══ PROVIDED DATA

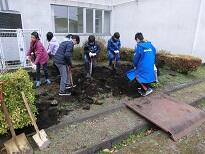 焼いた後の灰を入れる穴を事前に掘ります。子どもボランティアが大活躍。
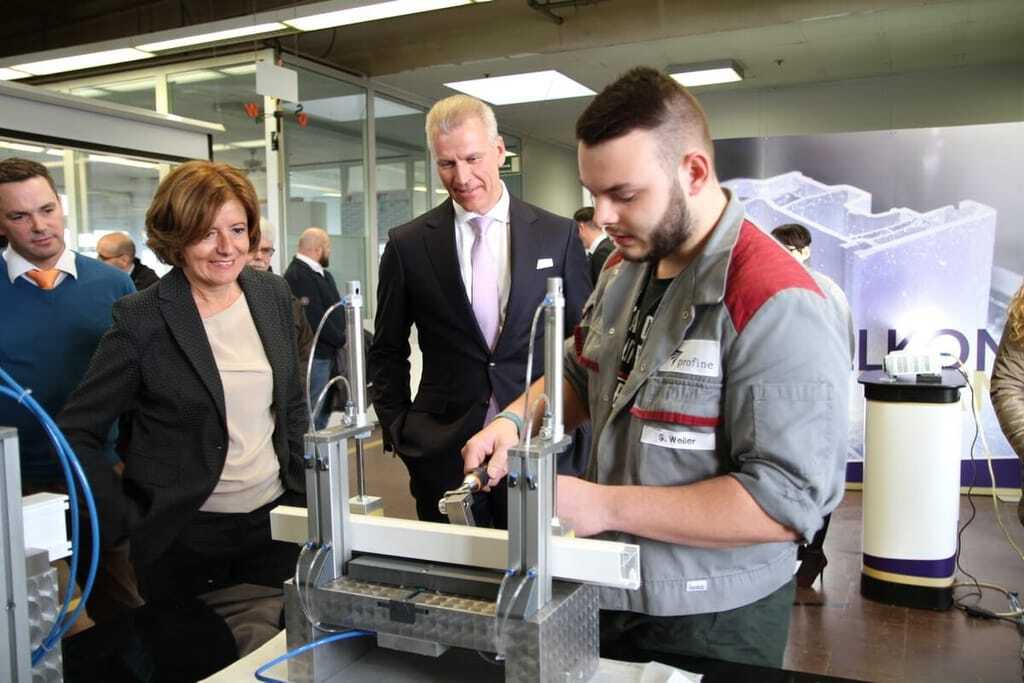 Nach einer Firmenpräsentation besuchte die Ministerpräsidentin die Produktionshallen, wo sie sich aus erster Hand erklären ließ, wie ein Extruder arbeitet. Von hier aus ging es direkt in den firmeneigenen Werkzeugbau und im Anschluss daran in die Ausbildungswerkstatt des Systemgebers.
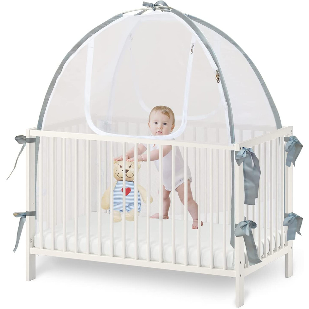 Baby Crib Tent Safety Net, Durable Strong Self-Locking Zippers, Protects from Climbing Out and, Insects, Mosquitoes, Installs with Rods (Crib 52.25" -
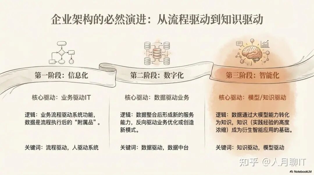 要理解平台化的架构必然性,我们必须审视企业IT架构的演进脉络,它清晰地揭示了核心驱动力从“流程”到“数据”再到“知识”的升维路径。

════

▶ [HOW TO COMPLETE THIS TASK]: Instruction for this listing: copy it exactly, but leave the images behind.

▶ [OUTPUT OF THE TASK]:
 焼いた後の灰を入れる穴を事前に掘ります。子どもボランティアが大活躍。
 Nach einer Firmenpräsentation besuchte die Ministerpräsidentin die Produktionshallen, wo sie sich aus erster Hand erklären ließ, wie ein Extruder arbeitet. Von hier aus ging es direkt in den firmeneigenen Werkzeugbau und im Anschluss daran in die Ausbildungswerkstatt des Systemgebers.
 Baby Crib Tent Safety Net, Durable Strong Self-Locking Zippers, Protects from Climbing Out and, Insects, Mosquitoes, Installs with Rods (Crib 52.25" -
 要理解平台化的架构必然性,我们必须审视企业IT架构的演进脉络,它清晰地揭示了核心驱动力从“流程”到“数据”再到“知识”的升维路径。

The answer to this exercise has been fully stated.